## EXERCISE DESCRIPTION
Where an image appears, leave it out; otherwise repeat the data exactly.

## INPUT RECORDS

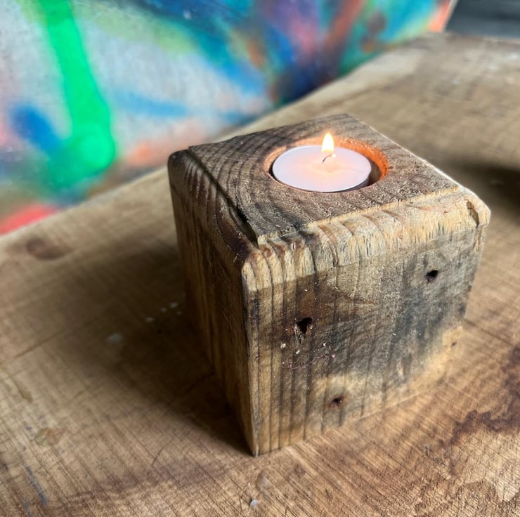 Chunky stand alone tea light / candle holder. Let this beautiful holder of light command your window ledge, fireplace or table.
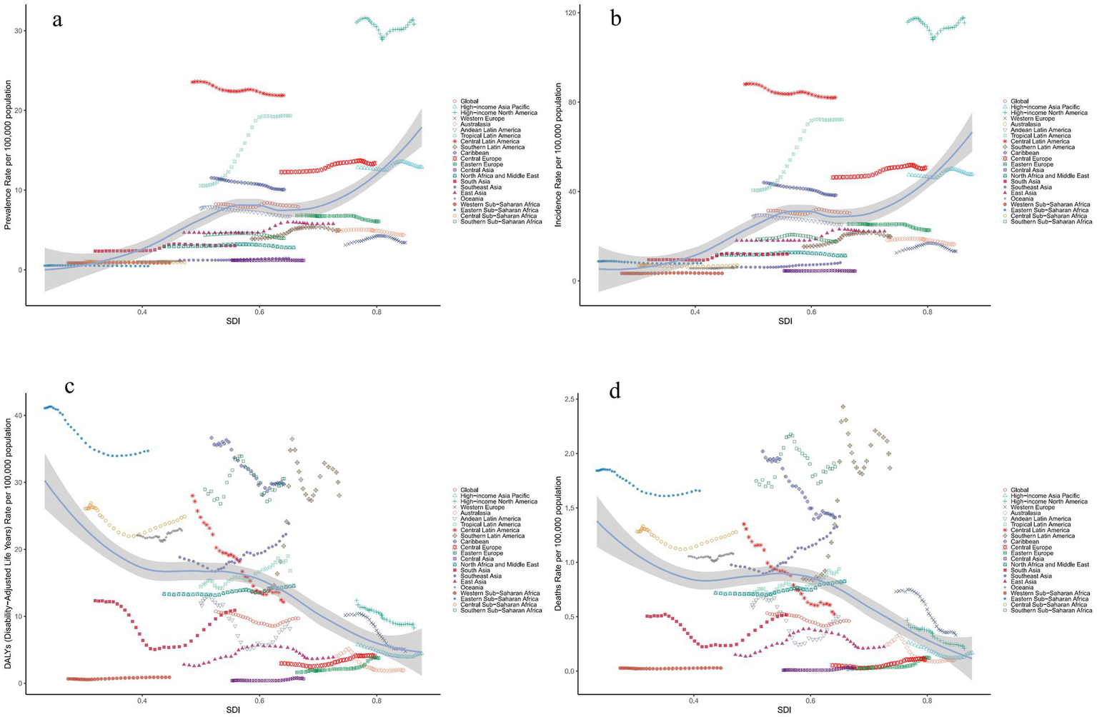 Pearson correlation analysis revealed that SDI was positively correlated with the ASPR(r = 0.6077, p < 0.01) and ASIR (r = 0.5475, p < 0.01), indicating higher rates in regions with higher SDI (Figures 5a,b). In contrast, age-standardized DALY rate (r = −0.4001, p < 0.01) and ASDR (r = −0.3706, p < 0.01) were negatively correlated with SDI, suggesting lower age-standardized DALY rate and ASDR in high-SDI regions (Figures 5c,d).
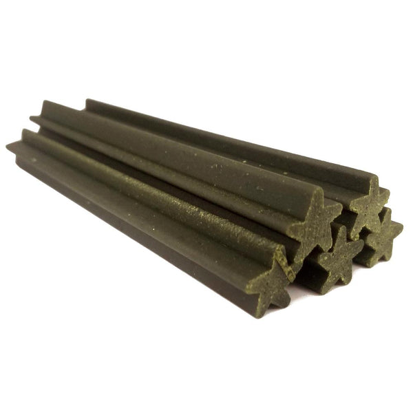 These grain free dental support chew sticks are just part of our line of functional dog treats. The unique star shape of these treats is designed to help work the chew into the small spaces between dog's teeth to help increase blood flow to the gums and prevent tartar buildup.
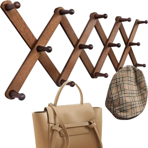 OROPY Perchero de pared de acordeón de madera, soporte de pared expandible con 14 clavijas, perchero expandible para sombreros para pared, en forma
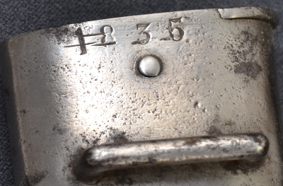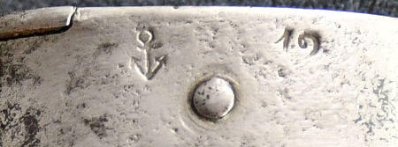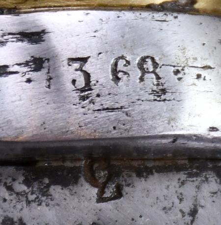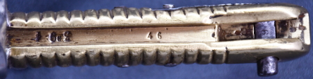 | unten: Die Parierstange mit dem Nummernstempel und ein unbekannter Stempel in der Klinge | ||

## RESULT BELOW
 Chunky stand alone tea light / candle holder. Let this beautiful holder of light command your window ledge, fireplace or table.
 Pearson correlation analysis revealed that SDI was positively correlated with the ASPR(r = 0.6077, p < 0.01) and ASIR (r = 0.5475, p < 0.01), indicating higher rates in regions with higher SDI (Figures 5a,b). In contrast, age-standardized DALY rate (r = −0.4001, p < 0.01) and ASDR (r = −0.3706, p < 0.01) were negatively correlated with SDI, suggesting lower age-standardized DALY rate and ASDR in high-SDI regions (Figures 5c,d).
 These grain free dental support chew sticks are just part of our line of functional dog treats. The unique star shape of these treats is designed to help work the chew into the small spaces between dog's teeth to help increase blood flow to the gums and prevent tartar buildup.
 OROPY Perchero de pared de acordeón de madera, soporte de pared expandible con 14 clavijas, perchero expandible para sombreros para pared, en forma
 | unten: Die Parierstange mit dem Nummernstempel und ein unbekannter Stempel in der Klinge | ||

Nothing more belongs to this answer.